Thus, pulmonary edema results from increases in either hydrostatic driving pressures (increased pressure edema) or barrier conductance (increased permeability edema), or both. What distinguishes the two types is barrier permeability, which is normal in increased pressure edema, but abnormal in increased permeability edema. Fluid flow into the lungs is driven across the barrier in both types of edema by the balance of pressures. ARDS results primarily from an increase in lung vascular permeability, although some cases may be made worse by the presence of elevated lung vascular hydrostatic pressures.

Increased Permeability Pulmonary Edema

Increased permeability pulmonary edema is caused by an increase in liquid and protein conductance across the barriers in the lungs. The essential feature is that the integrity of the barrier to fluid and protein flow into the lung interstitium and alveoli is altered. Increased permeability edema is sometimes called noncardiogenic pulmonary edema, and the resulting clinical syndromes in humans are commonly lumped together as ALI or ARDS.

Accumulation of fluid and protein increases when the lung endothelial and epithelial barriers are injured. If the rate of fluid accumulation exceeds the rate at which it can be removed, increased permeability edema occurs. Large animal models employing measurements of hemodynamics and lung lymph flow demonstrate that clinically relevant causes of ARDS, including live bacteria, endotoxin, and microemboli, induce an increase in lung vascular permeability that causes protein-rich lung edema.57 Because the barriers limiting fluid and protein flow into the lungs do not function normally when the lungs are injured, the lungs are not protected against edema by the usual safety factors. Although increases in fluid and protein filtration across the lung endothelium can be removed by lymphatics and drained away from the alveolar walls as in increased pressure edema, much more fluid and protein are filtered at any given sum of driving pressures, since the barriers to flow are much less restrictive than normal.

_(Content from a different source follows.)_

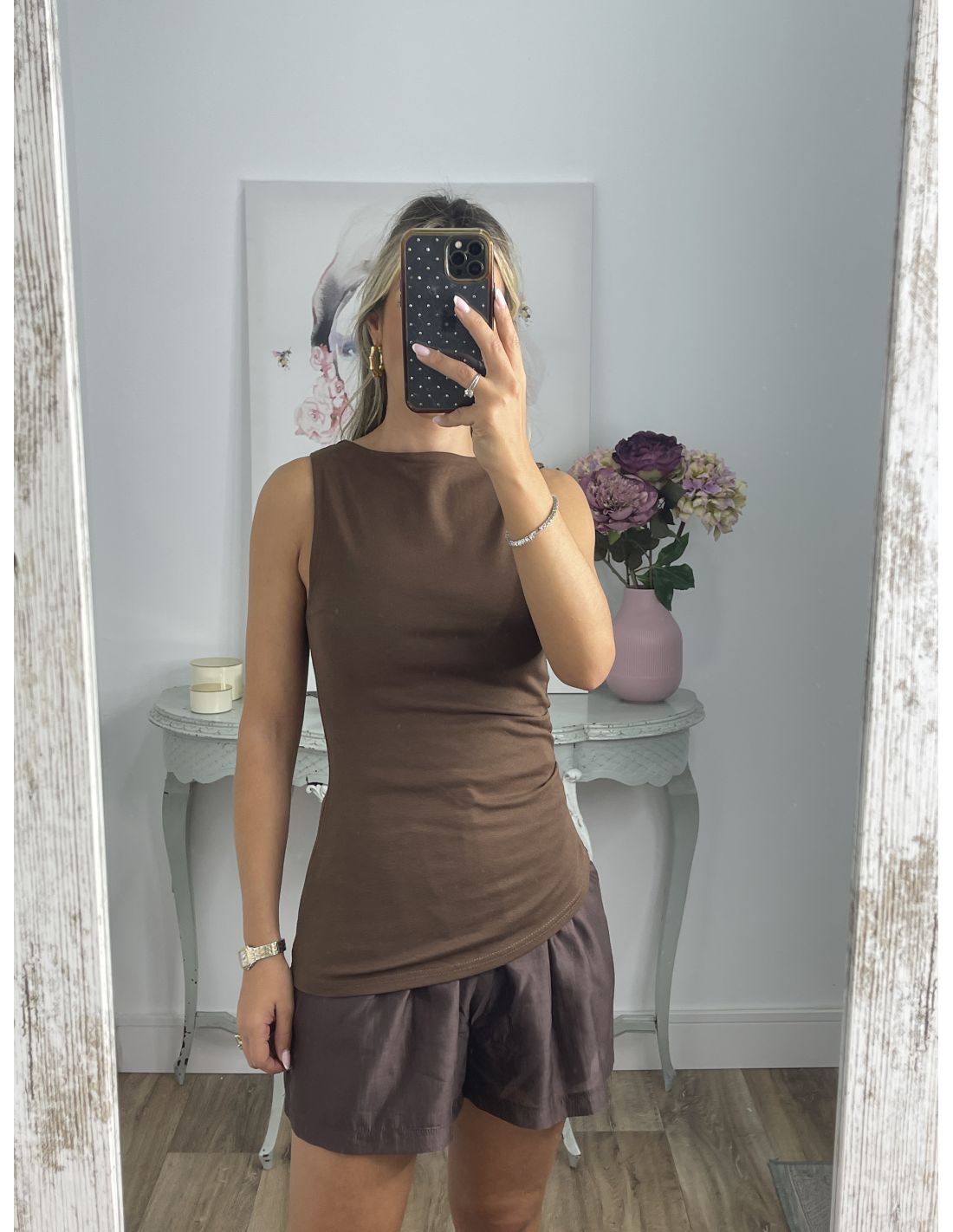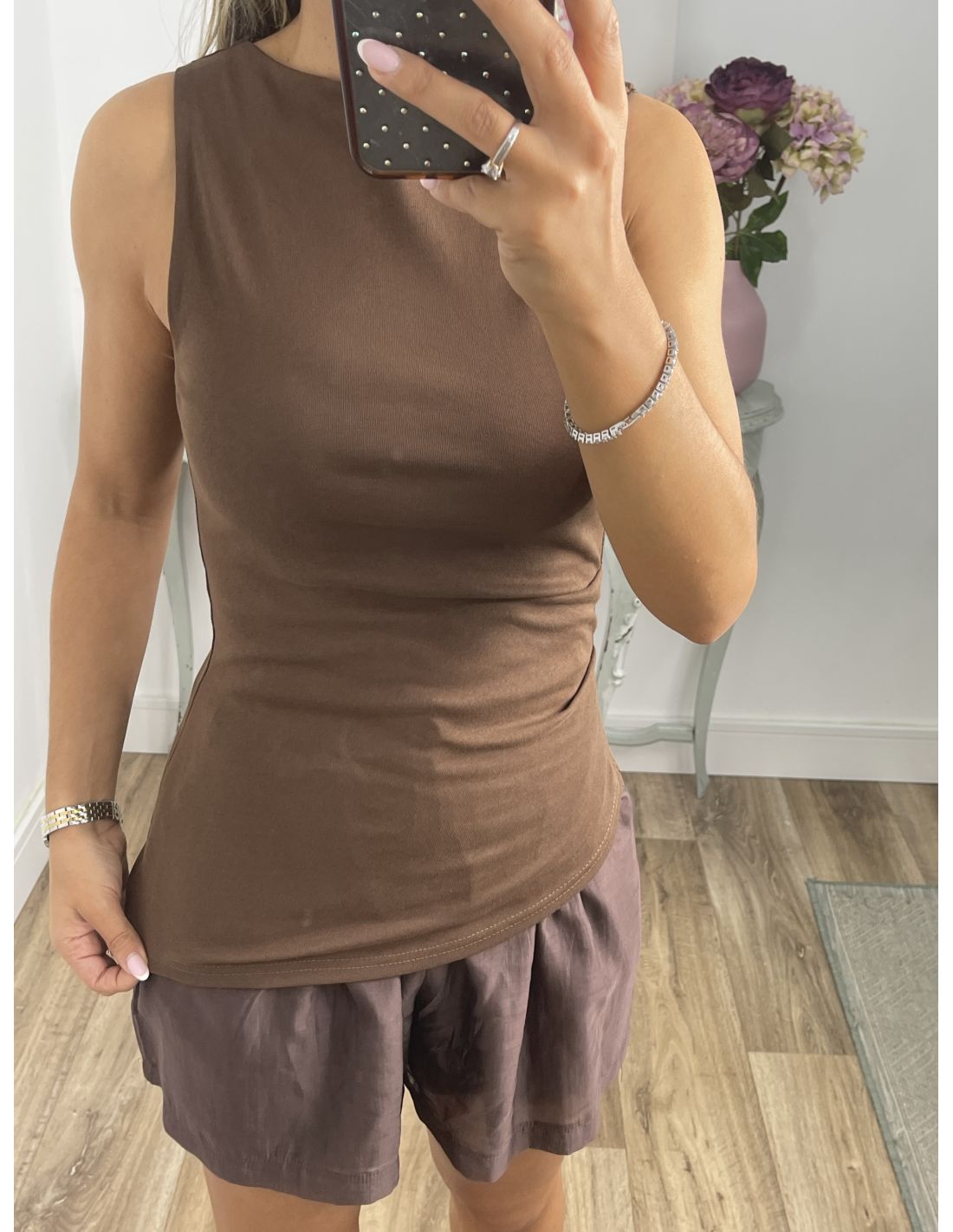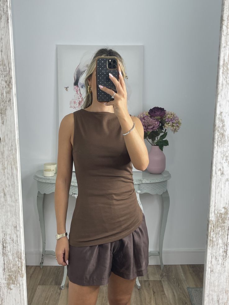 Top chocolate bajo asimétrico

Edema formation in injured lungs is sensitive to hydrostatic driving pressures. Driving pressures are often increased when the lungs are injured because of the vasoconstrictive effects of inflammatory mediators, such as thromboxanes. Thromboxanes may shift the main site of vascular resistance to postcapillary venules, thus increasing hydrostatic pressure at the microvascular fluid exchange sites, or may exert cardiac effects. For example, elevated left atrial pressure, pulmonary venoconstriction, or an increase in cardiac output in sepsis may increase hydrostatic pressure at the microvascular fluid exchange sites. Although a primary event in ARDS is an increase in lung vascular permeability, the magnitude of lung edema formation in ARDS may be substantially increased when lung vascular pressures and volume are elevated, consistent with the effects of elevated hydrostatic pressure on transvascular flux of fluid and protein.

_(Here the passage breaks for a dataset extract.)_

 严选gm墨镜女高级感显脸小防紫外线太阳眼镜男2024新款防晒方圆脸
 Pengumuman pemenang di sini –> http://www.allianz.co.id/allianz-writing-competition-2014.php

Because the lung endothelial and epithelial barriers are injured in ARDS, the protective effects of protein osmotic pressure differences across them are lost; driving pressure is unopposed by protein osmotic pressure, and even normal hydrostatic pressure results in significant fluid and protein extravasation into the interstitial and alveolar spaces. The ability of the lymphatics to pump the excess filtrate away is increased when the lungs are injured. If the alveolar epithelial barrier is damaged, edema may accumulate readily in alveoli, since most of the resistance to fluid and protein flow into the alveoli is in the epithelial barrier.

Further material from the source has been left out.